Kehadiran asing di negeri yang memiliki sumber daya migas yang menjanjikan ini difasilitasi oleh pemerintah melalui Production Sharing Contract (PSC). Production Sharing Contract (PSC) sering disebut kontraktor kerjasama dan pelaksanaan PSC kemudian diatur dalam Undang-Undang Nomor 22 tahun 2001 tentang Migas. Dalam pasal 14 UU Migas mengatur tentang jangka waktu kontrak kerjasama yang dapat dilaksanakan paling lama 30 tahun, Badan usaha atau badan pelaksana masih bisa mengajukan perpanjangan waktu kontrak paling lama 20 tahun. dan selama itu pula kekayaan migas negeri ini dikelola dan hasilnya menjadi pihak asing.
Jelas sekali UU Migas 22 tahun 2001 tentang migas ini sangat bertentangan UUD 1945 pasal 33 yang menyatakan bahwa bumi, air dan kekayaan alam yang terkandung di dalamnya dikuasai oleh Negara dan dipergunakan sebesar-besarnya untuk kemakmuran rakyat. UU Migas 22 tahun 2001 ini sangat membuka peluang adanya liberalisasi pengelolaan migas dan sangat dipengaruhi oleh pihak asing. Oleh karena itu, pasca putusan Mahkamah Konstitusi yang membubarkan Badan Pelaksana Migas, ditujukan agar pemerintah lebih tegas menunjukkan keberpihakan pada kedaulatan energi bangsa dalam pengelolaan migas.

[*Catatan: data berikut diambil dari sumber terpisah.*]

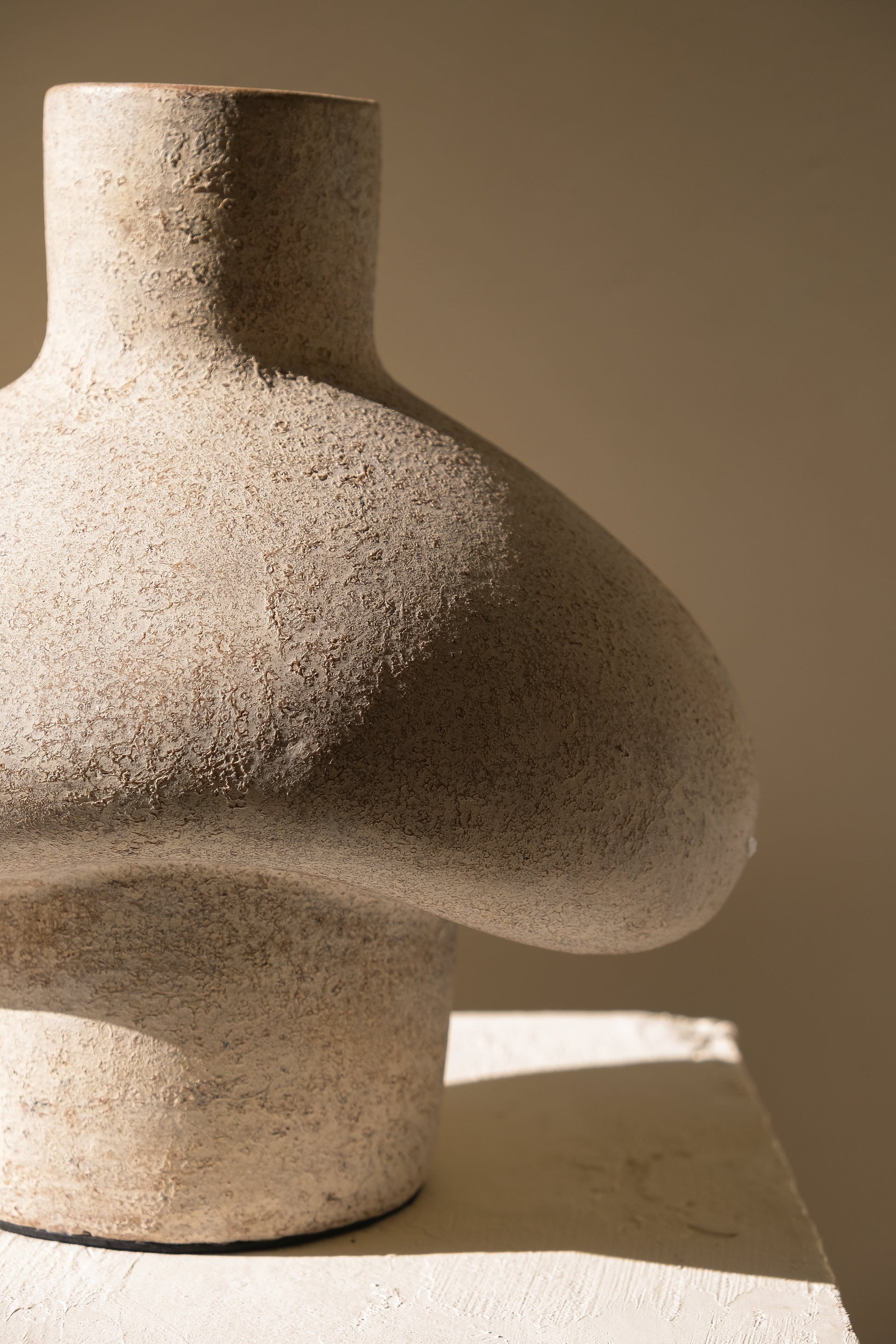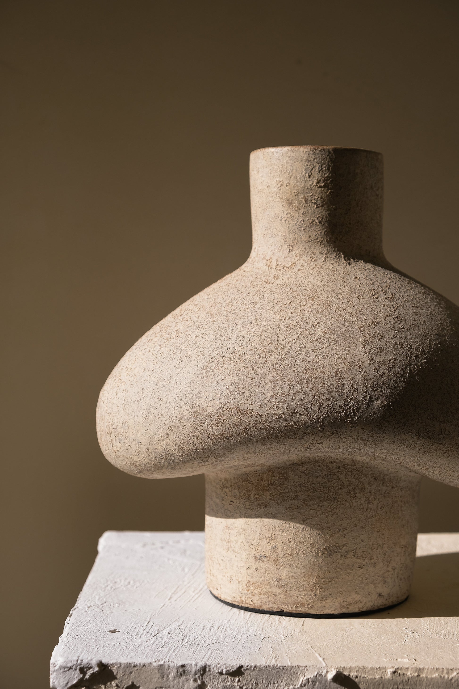 The Tanah vessel is an elegant terracotta sculpture handmade by local Indonesian artisans. The vessel's name comes from the marvelous Tanah lot, an ancient Hindu temple dedicated to the gods of the sea. Its pristine shell-white color gives a beachy feel, while its interesting shape that resembles a hut is a callback to coastal living. This beautiful sculpture is the perfect addition to any room, desk or counter, a fusion of functionality and creativity crafted using techniques that have been passed down through generations. Use it as a vase for your dry stem or as a standalone display.

Hubungan antara negara dan sumber daya alam Migas sepanjang dikonstruksi dalam bentuk kontrak kerjasama antara Badan Pelaksana Migas selaku Badan Hukum Milik Negara sebagai pihak pemerintah atau yang mewakili pemerintah dengan Badan Usaha atau Bentuk Usaha Tetap sebagaimana diatur dalam UU Migas, bertentangan dengan prinsip penguasaan negara yang dimaksud oleh konstitusi. Karena itu pemerintah seharusnya segera membuat aturan hukum, untuk mengisi kekosongan hukum terkait pengaturan mengenai kewenangan unit minyak dan gas agar tidak ada kegaduhan di dalam pengelolaan minyak dan gas yang saat ini sedang berjalan. Pemerintah dengan kekuatan yang dimiliki bisa memulainya dengan cara tidak perlu mempertahankan lagi kontrak-kontrak pertambangan minyak dan gas yang akan berakhir dan menegosiasikan kembali kontrak yang sedang berjalan, serta merevisi UU migas untuk disesuaikan dengan UUD 1945 pasal 33.
Apabila pengelolaan Sumber Daya Alam dikuasai dan dikelola dengan baik oleh Negara, maka memungkinkan dapat memberikan kontribusi yang besar terhadap pendapatan Negara. Sehingga pemerintah tidak perlu memungut pajak dari berbagai sektor dan dari berbagai lapisan masayarakat. Bisa saja pajak dipungut sewaktu-waktu ketika Negara dalam kondisi defisit dan bersifat insidentil.